On 7 December 1941, the 52nd Subchaser division along with the 53rd Subchaser Division (Korei Maru, Kyo Maru No. 2, Kyo Maru No. 11) and the 54th Subchaser Division (Nagara Maru, Shonan Maru No. 1, Shonan Maru No. 2) left Takao with Imperial Japanese Army transport Teiun Maru carrying part of the 24th Airfield Battalion. On 8 December 1941, she met with remainder of the occupation force off the coast of Batan Island consisting of transport Kumagawa Maru, destroyer , four Chidori-class torpedo boats (Chidori, Manazuru, Tomozuru, Hatsukari), two W-13-class minesweepers (W-13, W-14), two patrol boats (Patrol Boat No. 1, Patrol Boat No. 2), two Tsubame-class minelayers (Kamome, Tsubame), three converted gunboats (Aso Maru, Koso Maru, Nampo Maru), and seaplane tender, Sanuki Maru escorted by destroyer Tachikaze.
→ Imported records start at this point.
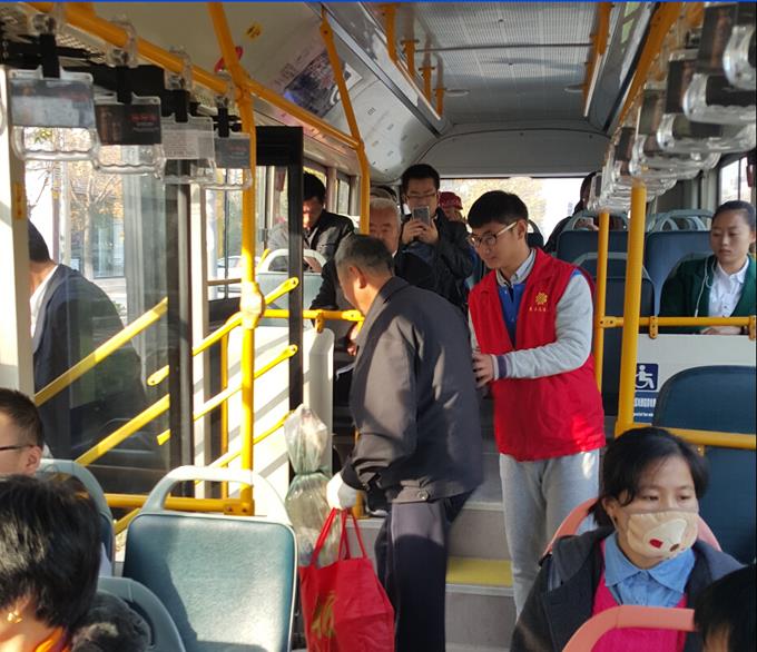 為進(jìn)一步營(yíng)造文明城市復(fù)核迎測(cè)的濃厚氛圍,弘揚(yáng)“奉獻(xiàn)、友愛、互助、進(jìn)步”的志愿服務(wù)精神,踐行常態(tài)化志愿服務(wù)機(jī)制,市公交公司于10月31日上午聯(lián)合職業(yè)學(xué)院開展了志愿服務(wù)活動(dòng)。志愿服務(wù)活動(dòng)主要是引導(dǎo)乘客有序乘車,幫助老弱病殘?jiān)械忍厥獬丝蛢?yōu)先乘車及主動(dòng)為老弱病殘?jiān)凶屪虺珜?dǎo)乘客保持車廂衛(wèi)生以及引導(dǎo)公交車輛規(guī)范??康鹊取?BR> 通過開展本次活動(dòng),既帶動(dòng)了廣大市民文明乘車,尊老愛幼,又樹立了公交品牌良好形象,向市民傳達(dá)了公交服務(wù)理念。志愿者們也通過自身弘揚(yáng)了志愿者樂于助人的精神,增強(qiáng)了志愿者團(tuán)隊(duì)間的凝聚力。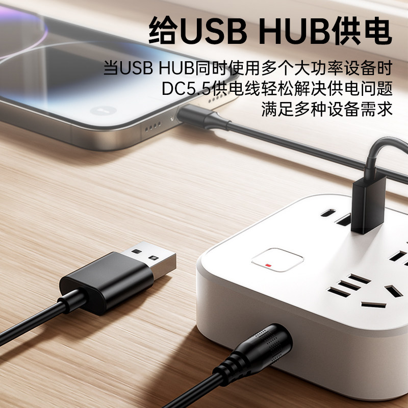 毕亚兹usb转dc5.5mm圆孔充电线圆头通用台灯玩具电源5V电动牙刷音响路由器适用foreo露娜洁面luna洗脸仪mini2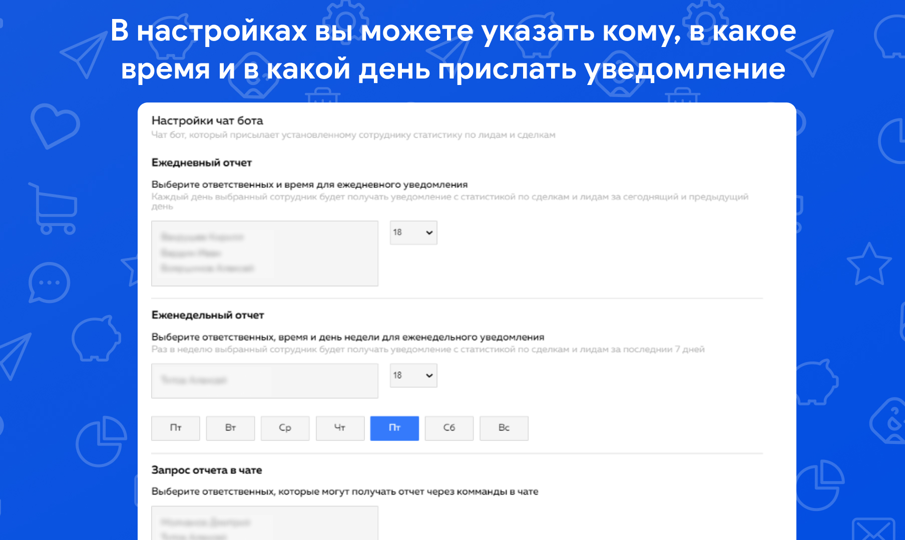 В настройках вы можете указать кому и в какое время прислать ежедневные и еженедельные отчеты, также вы можете указать, кто может запрашивать статистику в чате через команды /today и /week

===Invasion of Lamon Bay===
She was attached to the Lamon Bay occupation force (21–23 December 1941) serving as an escort to 20 Imperial Japanese Army transports carrying 7,000 troops of the 14th Army; and Imperial Japanese Navy transports Hakusan Maru (carrying the 1st Quartermaster Ports and Docks Unit and 1st Naval Signal Unit), Kimishima Maru (carrying the 1st Naval Guard Unit), Senko Maru (carrying the 1st Naval Survey Unit), and Myoko Maru (carrying the 1st and 2nd Sasebo Special Naval Landing Forces). The convoy’s escort consists of Shonan Maru No. 17, light cruiser Nagara, heavy cruiser Ashigara, six destroyers (Tokitsukaze, Yukikaze, Kawakaze, Suzukaze, Umikaze, Yamakaze), minelayer Aotaka, two minesweepers (W-7, W-8), auxiliary gunboat/minelayer Ikumshima Maru, four auxiliary gunboats (Busho Maru, Keiko Maru, Kanko Maru, Myoken Maru), one auxiliary netlayer (Fukuei Maru No. 15), and one auxiliary subchaser (Takunan Maru No. 5). After the successful occupation, she returned to Kaohsiung on 6 January 1942 and then proceeded to Legazpi which had been seized by the Japanese on 12 January 1942. She departed on 16 January 1942 escorting a small convoy consisting of transport ships Kenyo Maru (乾洋丸), Tokyo Maru (東京丸), and Giyu Maru (義勇丸) arriving Davao on 18 January 1941. She then departed for Bangka Island, just east of Sumatra, arriving on 24 January 1942.

===Later operations===
On 10 March 1942, the 52nd Subchaser Division was assigned to the 2nd Southern Expeditionary Fleet.

On 1 March 1943, she was assigned to the Special Base Force 24 (二十四特別根據地隊), 2nd Southern Expeditionary Fleet, Southwest Area Fleet, Combined Fleet based at Ambon Island whose responsibility was the occupied Dutch East Indies. She spent most of her time patrolling the waters and conducting escort duty to Surabaya, East Java; the port of Dobo in the Aru Islands; Tual on the Kai Islands; and Kaimana, Netherlands New Guinea which had been overrun by the Japanese on 29/30 March 1942.

On 30 November 1943, the Special Base Force 24 was attached to the 4th Southern Expeditionary Fleet, Southwest Area Fleet, Combined Fleet based at Flores Island. The 4th Southern Expeditionary Fleet was carved out of the 2nd Southern Expeditionary Fleet; and tasked with patrolling the Sunda Islands and the seas to the west of New Guinea. She continued to operate out of Ambon.

===Fate===
She survived the war. Her last port of call was Singapore on 15 August 1945. She was struck from the Navy list on 3 May 1947.